# Top Github Repositories by Topic

### Pick a website and describe your objective
- Browse through different sites and pick on to scrape.
- Identify the information you'd like to scrape from the site. Decide the format of the output CSV file.
- Summarize your project idea and outline your strategy in a Juptyer notebook.

#### Project Outline:
- We are going to scrape https://github.com/topics
- Get a list of topics.
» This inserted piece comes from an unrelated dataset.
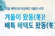 뉴스팍 배상미 기자 | 경기도와 경기도주식회사가 공동 운영하는 경기도 공공배달앱 배달특급이 겨울을 맞아 12월 한 달간 ‘겨울이왔동(冬)’ 소비자 할인 프로모션을 진행한다. ‘겨울이왔동(冬)’ 소비자 할인 이벤트는 ‘통 큰 세일’ 프로모션 종료 등으로 아쉬움이 남는 소비자들의 편익을 증대하기 위해 마련했다. 배달 특급 전체 회원, 전체 서비스 지역을 대상으로 1만2천원 주문에 사용가능한 3천원 할인 쿠폰을 예산 소진시까지 1일 1인 1회 지급한다. 한편 배달특급의 모든 이벤트는 해당 상단 배너 기능을 통해 확인 가능하며, 지역에 따라 할인 조건과 금액이 달라질 수 있어 사전 확인이 필요하다.

For each topic, we will have topic title, topic page url (which includes the 'id'), and topic description
- For each topic, we will get the top 25 repositories
- For each repo, we will have the repo name, username, stars, and repo url
- Each topic will have a csv file with the following format
```
Repo Name,Username,Stars,Repo URL
free-programming-books-zh_CN,justjavac,102000,https://github.com/justjavac/free-programming-books-zh_CN
kotlin,JetBrains,44600,https://github.com/JetBrains/kotlin
```

### Use the requests library to download web pages
- Inspect the website's HTML source and identify the right URLs to download.
- Download and save web pages locally using the requests library.
- Create a function to automate downloading for different topics/search queries.

In [12]:
! python3 -m pip install --upgrade pip --user
! python3 -m pip install requests --upgrade

In [13]:
import requests

In [20]:
topics_url = 'https://github.com/topics'
response = requests.get(topics_url)
# 200-299 is a successful response download for status_code
# https://developer.mozilla.org/en-US/docs/Web/HTTP/Status contains more info on status codes
response.status_code

200

In [22]:
page_contents = response.text
with open('topics-page.html', 'w') as f:
    f.write(page_contents)

### Use Beautiful Soup to parse and extract information
- Parse and explore the structure of downloaded web pages using Beautiful soup.
- Use the right properties and methods to extract the required information.
- Create functions to extract from the page into lists and dictionaries.
- (Optional) Use a REST API to acquire additional information if required.


In [23]:
! python3 -m pip install beautifulsoup4 --upgrade

### Create CSV file(s) with the extracted information
- Create functions for the end-to-end process of downloading, parsing, and saving CSVs.
- Execute the function with different inputs to create a dataset of CSV files.
- Verify the information in the CSV files by reading them back using Pandas.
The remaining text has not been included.